#MeToo and #TimesUp have been two global movements that have brought women’s equality and their role in today’s society to attention. Annmarie Hanlon, Senior Lecturer in Digital Marketing at the University of Derby, talks about the changing role of women online and how these movements are raising awareness against sexual harassment.
The origin of #MeToo
Less than five months’ ago, a new hashtag took Twitter by storm: #MeToo.
It all started with revelations about the misconduct by American film producer Harvey Weinstein of actresses and it gained momentum with over two million tweets in more than 85 countries. #MeToo now has its own Wikipedia page and women who previously didn’t speak out about abuse have now joined the conversation.
Originally, #MeToo was started by equality campaigner Tarana Burke back in 2006, but it didn’t get the same traction as it does now.
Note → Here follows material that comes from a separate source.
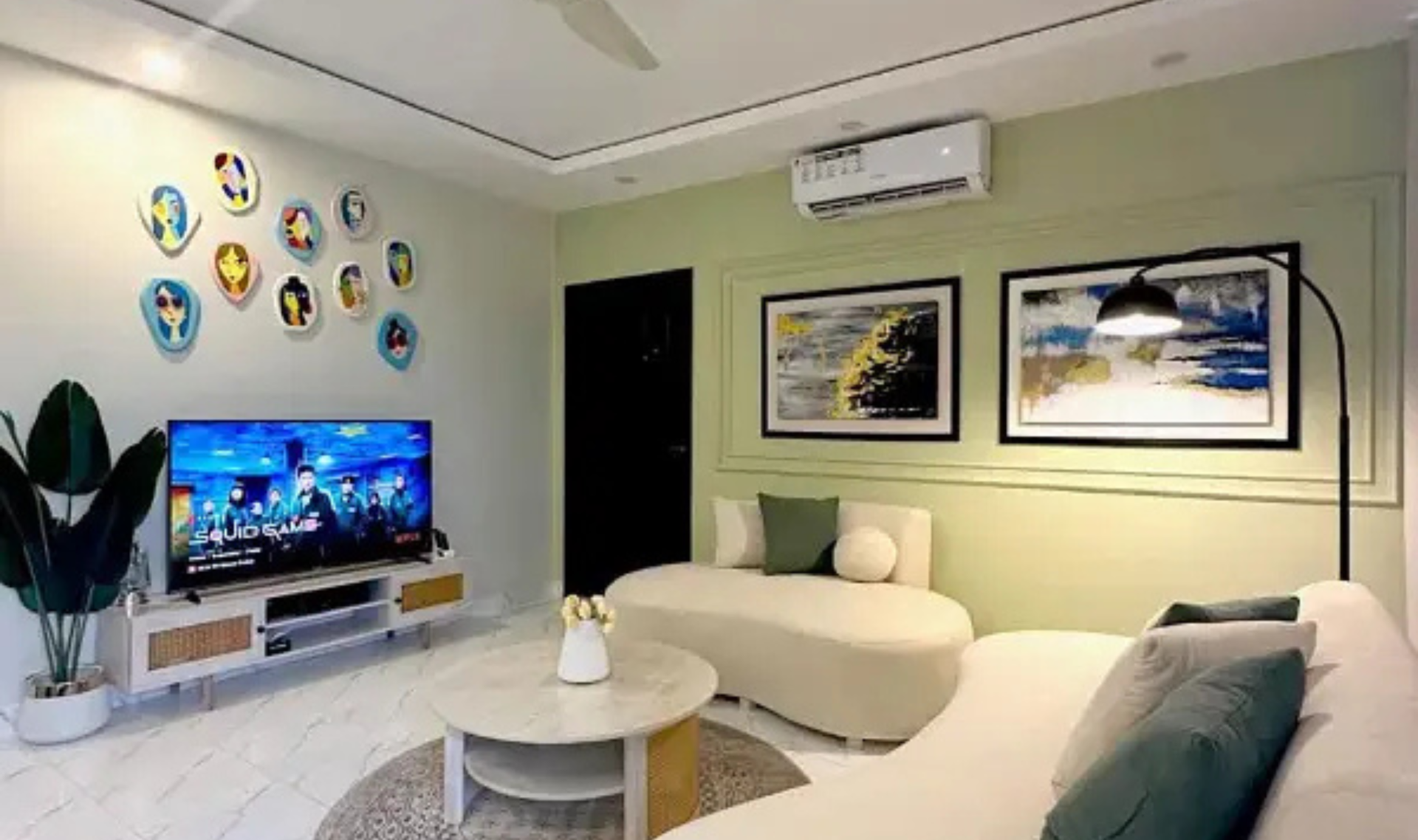 This fully furnished apartment in Bahria Town Phase 8 Rawalpindi is available for short-term stays. The apartment offers a comfortable living space with essential facilities including air conditioning, lift access, water supply, and car parking.

Today, a Google search for #MeToo brings up over 28 million results with cases of abuse in every aspect of life from entertainment to the military and politics to sports. There’s a bigger issue here surrounding equality and respect for women.
The impact of Twitter
So what’s changed? Twitter numbers have grown and amplified the conversation globally. The growth in those sharing #MeToo experiences has supported those too scared to discuss the issue previously. However you look at it, it’s still an unequal world. Women in Kuwait only gained the right to vote in 2005, around 17% of all biographies on Wikipedia are women, and fewer than 20% of all professors in the UK are women.
The new clarion call is #TimesUp but do we need an alternative that focuses on positive female role models? These recent months have changed people’s perceptions on the serious issues about women that before, would have been ignored. #MeToo and #TimesUp are movements that women can use as support mechanisms to help them feel equal and also safe in their place of work.
The female voice
In honour of International Women’s Day, the University of Derby is hosting a range of activities that recognise women all over the world. We will be hosting a Wikipedia edit-a-thon where staff and students will be contributing to the Wikipedia Women in Red project’s list of missing articles to make ‘red links’ into ‘blue links’.
The University has also created content from staff and students that involves them talking about why they are celebrating International Women’s Day and what women they are inspired by.